That phrase — basic principles of consent — has become the connective thread running through nearly every AI dispute in the industry since. It sits at the center of a 2026 agreement between studios and the actors' union that permits synthetic performers only when they add "significant additional value" to a production, and requires advance notice before any actor's performance can be used to train an AI model. Union leadership has called it a meaningful win. Critics inside the union call the standard vague enough that studio lawyers can define "significant additional value" however suits them, with no clear compensation floor attached regardless of the outcome.

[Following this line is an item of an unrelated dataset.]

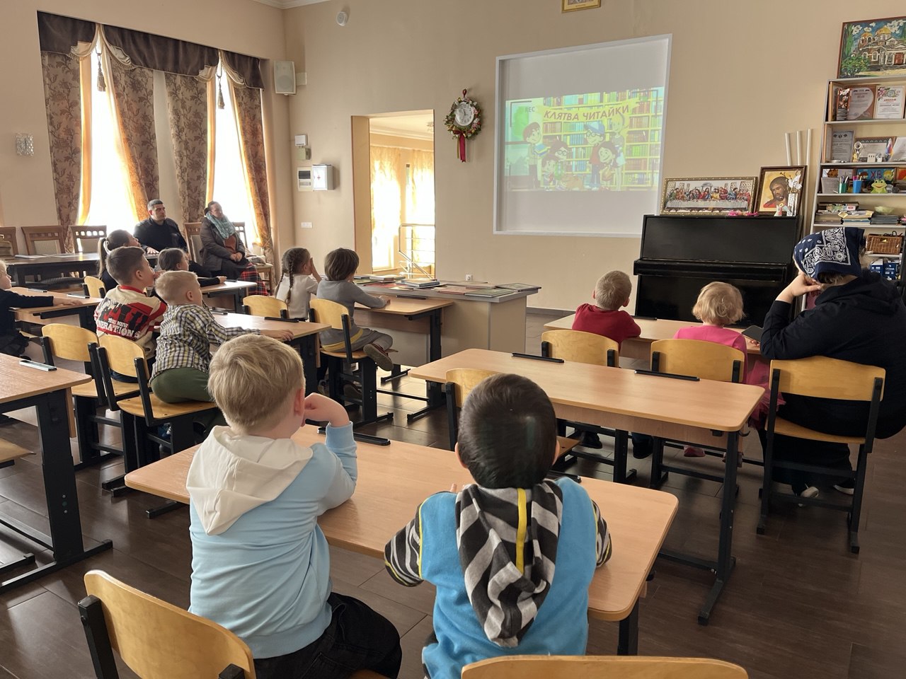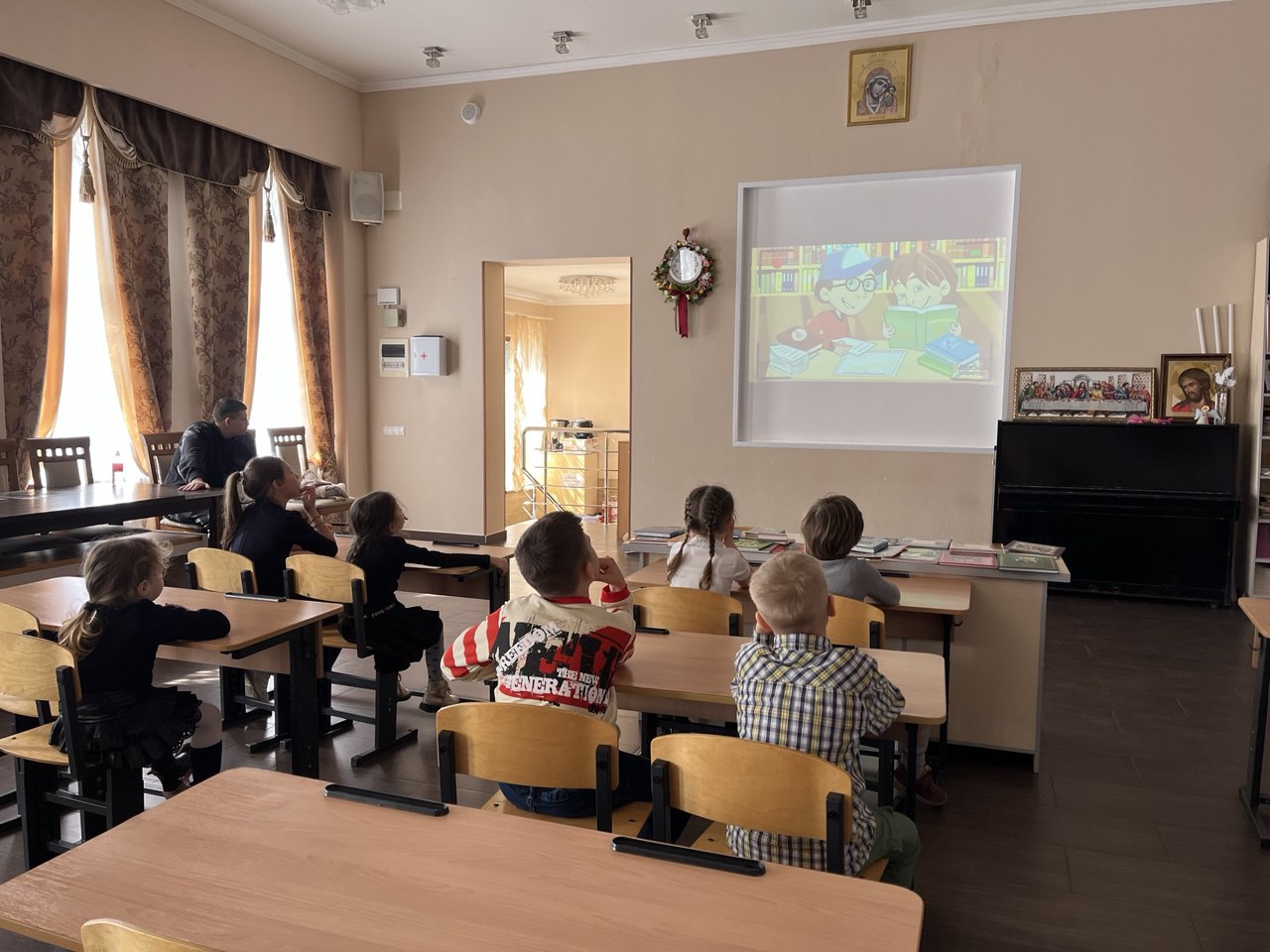 15 марта мероприятия продолжились занятием для средней и старшей групп. Урок провёл духовник воскресной школы, клирик храма Преображения Господня иерей Иоанн Парахин.

What's striking is that this isn't a simple two-sided fight between "technology" and "creatives." The actual camps are messier than that. Some filmmakers treat AI purely as a production tool — something that absorbs tedious, expensive work while keeping human creative judgment firmly in charge of the final product. Others have made more provocative predictions, suggesting fully AI-generated lead performances could eventually command real box office attention on their own merits. Meanwhile, a separate industry effort — a registry allowing performers to formally control how their likeness can and can't be used in AI systems — has emerged as one of the few concrete tools actors have to draw a line, even as its long-term enforceability remains untested.

The legislative fight is happening in parallel, and it's just as unsettled. A federal task force has challenged individual states' performer-protection laws as unconstitutional overreach, even as advocates simultaneously push a federal likeness-protection bill through Congress. It's the kind of contradiction that tends to show up whenever a technology moves faster than the legal system built to govern it: state and federal approaches pulling in different directions at the same time, with performers caught navigating both.

The honest read on where this stands: there isn't a coherent Hollywood position on AI right now, and pretending otherwise oversimplifies a genuinely split industry. Studios are publicly emphasizing artist-centered, consent-driven AI development, while simultaneously building and funding the tools whose long-term effect on acting, writing, and production labor remains completely unresolved. Both things are true at once, which is exactly why this keeps making headlines instead of settling down — nobody involved has actually agreed on what the rules are, only that rules are urgently needed.